Thanks, I agree. I'm sure people will use this for plan control, but
if you start with that, then it's really unclear what things you
should allow to be controlled and what things not. Defining the focus
as plan stability makes round-trip safety a priority and the scope of
what you can request is what the planner could have generated had the
costing come out just so. There's still some definitional questions at
the margin, but IMHO it's much less fuzzy.

> On the relation identifier system: IMHO this part doesn't seem as
> opinionated as the advice mini-language. The requirements pretty much
> dictate the design -- you need alias names and occurrence counters to
> handle self-joins, partition fields for partitioned tables, and a
> string representation to survive dump/restore. There doesn't seem to
> be much flexibility in that.

Right. There's some flexibility. For instance, you could handle
partitions using occurrence numbers, which would actually save a bunch
of code, but that seems obviously worse in terms of user experience.
Also, you could if you wanted key it off of the name of the table
rather than the relation alias used for the table. I think that's also
worse but possibly it's debatable. You could change the order of the
pieces in the representation; e.g. maybe plan_name should come first
rather than last; or you could change the separator characters. But,
honestly, none of that strikes me as sufficient grounds to want
multiple implementations. If the choices I've made don't seem good to
other people, then we should just change them and hopefully find
something everybody can live with. It's a bit like the way that
extension SQL scripts use "--" as a separator: maybe not everybody
agrees that this is the absolutely most elegant choice, but nobody's
proposing a a second version of the extension mechanism just to do
something different.

> Given that, it seems more practical to put this in core from the
> start. Extensions that might want to build plan-advice-like
> functionality shouldn’t have to clone this logic and wait another
> release for something that’s already well-defined and deterministic.
> The mini-language is opinionated and belongs in contrib, but the
> identifier infrastructure just solves a fundamental problem cleanly.

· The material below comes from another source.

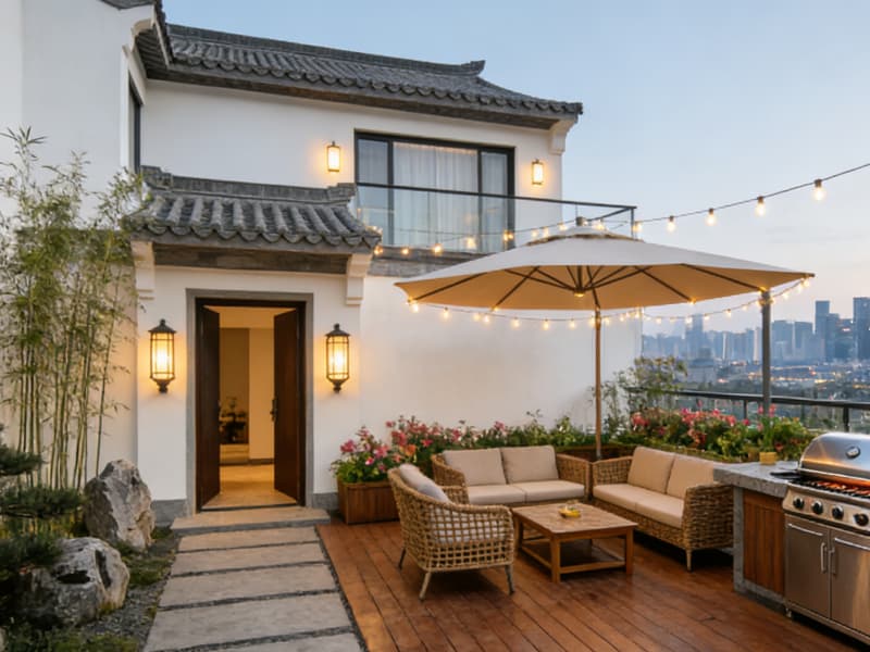 細(xì)節(jié)設(shè)計(jì)中,選用環(huán)保實(shí)木、天然石材等溫潤材質(zhì),燈光采用分層設(shè)計(jì)(公共區(qū)暖光氛圍燈、客房柔和閱讀燈),公共區(qū)域設(shè)置共享洗衣房與行李寄存區(qū),提升旅居便捷性;同時植入本地非遺手作裝飾(如徽州竹編、剪紙),強(qiáng)化空間文化歸屬感。整體設(shè)計(jì)既保留民宿的人文溫度,又通過輕奢質(zhì)感與智能配套,為客人打造兼具文化體驗(yàn)與舒適旅居的優(yōu)質(zhì)休憩載體。

It's not quite as easy to make a sharp distinction between these
things as someone might hope. Note that the lexer and parser handle
the whole mini-language, which includes parsing the relation
identifiers. That doesn't of course mean that the code to *generate*
relation identifiers couldn't be in core, and I actually had it that
way at one point, but it's not very much code and I wasn't too
impressed with how that turned out. It seemed to couple the core code
to the extension more tightly than necessary for not much real
benefit.

But that's not to say I disagree with you categorically. Suppose we
decided (and I'm not saying we should) to start showing relation
identifiers in EXPLAIN output instead of identifying things in EXPLAIN
output as we do today. Maybe we even decide to show elided subqueries
and similar as first-class parts of the EXPLAIN output, also using
relation identifier syntax. That would be a pretty significant change,
and would destabilize a WHOLE LOT of regression test outputs, but then
relation identifiers become a first-class PostgreSQL concept that
everyone who looks at EXPLAIN output will encounter and, probably,
come to understand. Then obviously the relation identifier generation
code needs to be in core, and that makes total sense because we're
actually using it for something, and arguably we've made life easier
for everyone who wants to use pg_plan_advice in the future because
they're already familiar with the identifier convention. The downside
is everyone has to get used to the new EXPLAIN output even if they
don't care about pg_plan_advice or hate it with a fiery passion.

So my point here is that there are things we can decide to do to make
some or all of this "core," but IMHO it's not just as simple as saying
"this is in, that's out". It's more about deciding what the end state
ought to look like, and how integrated this stuff ought to be into the
fabric of PostgreSQL. I started with the minimal level of integration:
little pieces of core infrastructure, all used by a giant extension.
Now we need to either decide that's where we want to settle, or decide
to push to some greater or lesser degree toward more integration.

> On the infrastructure patches (0001-0005): these look sensible. The
> range table flattening info, elided node tracking, and append node
> consolidation preserve information that's currently lost -- there's
> some additional overhead to track this, but it's fixed per-relation
> per-subquery, which seems reasonable. The path generation hooks
> (0005) are a clear improvement: moving from global enable_* GUCs to
> per-RelOptInfo pgs_mask gives extensions the granularity they need for
> relation-specific and join-specific decisions. Yes, you need C code to
> use them, but you'd need to write C code to do something of value in
> this area anyway, and the hooks give you control that GUCs can't
> provide.
>
> Overall, I'm supportive of getting these committed once they're ready.
> contrib/pg_plan_advice is a compelling proof-of-concept for why these
> hooks are needed.

Great. I don't think there's anything terribly controversial in
0001-0004. I think the comments and so on might need improving and
there could be little mini-bugs or whatever, but basically I think
they work and I don't anticipate any major problems. However, I'd want
at least one other person to do a detailed review before committing
anything. 0005 might be a little more controversial. There's some
design choices to dislike (though I believe I've made them for good
reason) and there's a question of whether it's as complete as we want.
It might be fine to commit it the way it is and just adjust it later
if we find that something ought to be different, but it's also
possible that we should think harder about some of the choices or hold
off for a bit while other parts of this effort move forward. I'm happy
to hear opinions on the best strategy here.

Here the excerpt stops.